Bank draft in India Rupees made payable to the 'Australian High Commission, New Delhi'.



Payments for Citizenship by Descent applications using credit cards are processed in Australian Dollars (AUD) only (Mastercard, Visa, AMEX, Diners, JCB).
Note: If paying by credit card in Australian Dollars you may incur banking and currency conversion fees and you accept the risk associated with any currency fluctuations.

Visa applications may be lodged at VFS Global Service.

That is not so hard.


----------



## trinkasharma (Mar 20, 2013)

maruthipanyam said:


> Its clearly mentioned that payment needs to pay with credit card only.


Where is it mentioned clearly?


----------



## ozbound12 (Mar 23, 2012)

trinkasharma said:


> Where is it mentioned clearly?


It's not.


----------



## trinkasharma (Mar 20, 2013)

So why say that it has been mentioned clearly.

I am very sure that the methods are fairly easy and this is the reason that this question does not get asked often.


----------



## divyap (May 11, 2013)

trinkasharma said:


> So why say that it has been mentioned clearly.
> 
> I am very sure that the methods are fairly easy and this is the reason that this question does not get asked often.


My debit card is hdfc's... And it is master card.. But payment of 190 visa fee is not possible by this... 

I faced the same problem while paying for ACS.. 

So only a credit card would fit the bill(atleast as far as India is concerned)...


----------



## trinkasharma (Mar 20, 2013)

divyap said:


> My debit card is hdfc's... And it is master card.. But payment of 190 visa fee is not possible by this...
> 
> I faced the same problem while paying for ACS..
> 
> So only a credit card would fit the bill(atleast as far as India is concerned)...


So the method I have posted does not apply in your case?

In that case, can Thomas Cook help?
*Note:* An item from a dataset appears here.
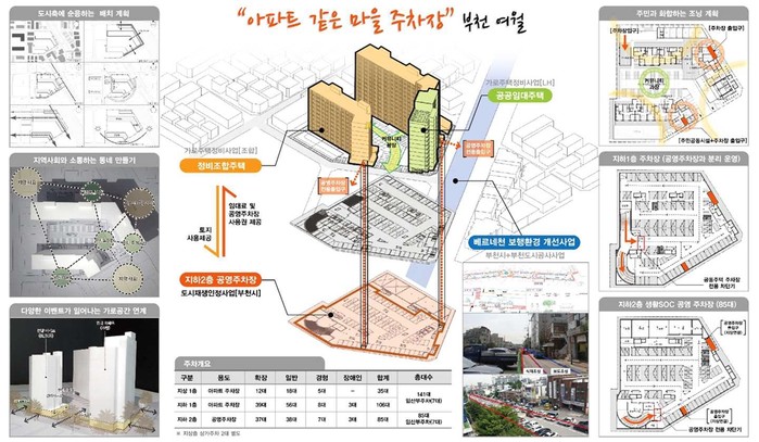 부천시 여월동은 전국 최초로 가로주택정비사업과 연계해 아파트 같은 마을주차장을 조성했다. 3,400㎡ 규모 부지에 85면의 공영주차장을 중심으로 동네 골목 환경이 정비되고 주거환경 전반이 개선되면서 주민 만족도가 높아졌다. 특히, 자가용 중심의 노후 주거지에 실질적인 해결책을 제시한 모범 사례로 평가받고 있다.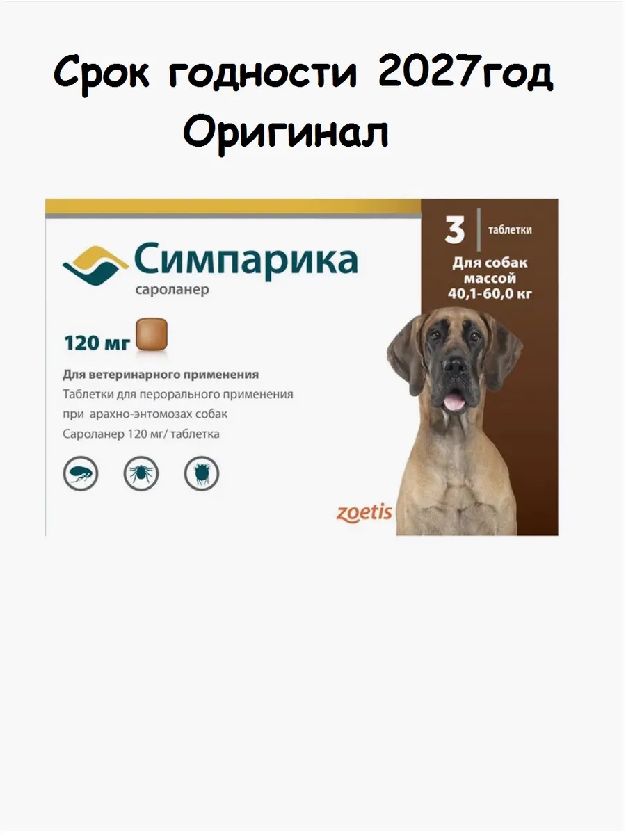Симпарика 120мг от блох и клещей для собак 40,1-60кг 3таблет

I can get a good rate from these people.


----------



## divyap (May 11, 2013)

trinkasharma said:


> So the method I have posted does not apply in your case?
> 
> In that case, can Thomas Cook help? I can get a good rate from these people.


Yes it didnot help.. In India we have clear distinction between a credit and a debit card's capabilities.. When I was in aus, with only a debit card, I could do all payments ....
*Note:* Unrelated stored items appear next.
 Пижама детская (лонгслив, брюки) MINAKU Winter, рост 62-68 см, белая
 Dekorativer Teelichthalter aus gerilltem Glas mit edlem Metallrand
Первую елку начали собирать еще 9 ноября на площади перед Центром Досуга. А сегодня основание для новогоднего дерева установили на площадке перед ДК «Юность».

Thanks for the Thomas cook idea.. I forgot it because NSW doesn't accept those. But for visa fee, I haven't tried it yet.. Wil let u know if anything progressive / positive... 

Last resort would be to ask my aus friends...!


----------



## trinkasharma (Mar 20, 2013)

Well at least I never discussed credit/debit differences.

I repeat, it must be easy to pay these fees or perhaps everyone who gets a visa to Aus has a credit limit above 2 L INR.


----------



## samkalu (Dec 12, 2012)

ozbound12 said:


> Debit cards that are Visa or MC branded are acceptable.
> 
> https://www.immi.gov.au/fees-charges/how-to-pay.htm


But i noticed in this link payments via debit are for applications lodged in australia which are in person only. That does not mean debits cards are allowed for online application payment.


----------



## ozbound12 (Mar 23, 2012)

samkalu said:


> But i noticed in this link payments via debit are for applications lodged in australia which are in person only. That does not mean debits cards are allowed for online application payment.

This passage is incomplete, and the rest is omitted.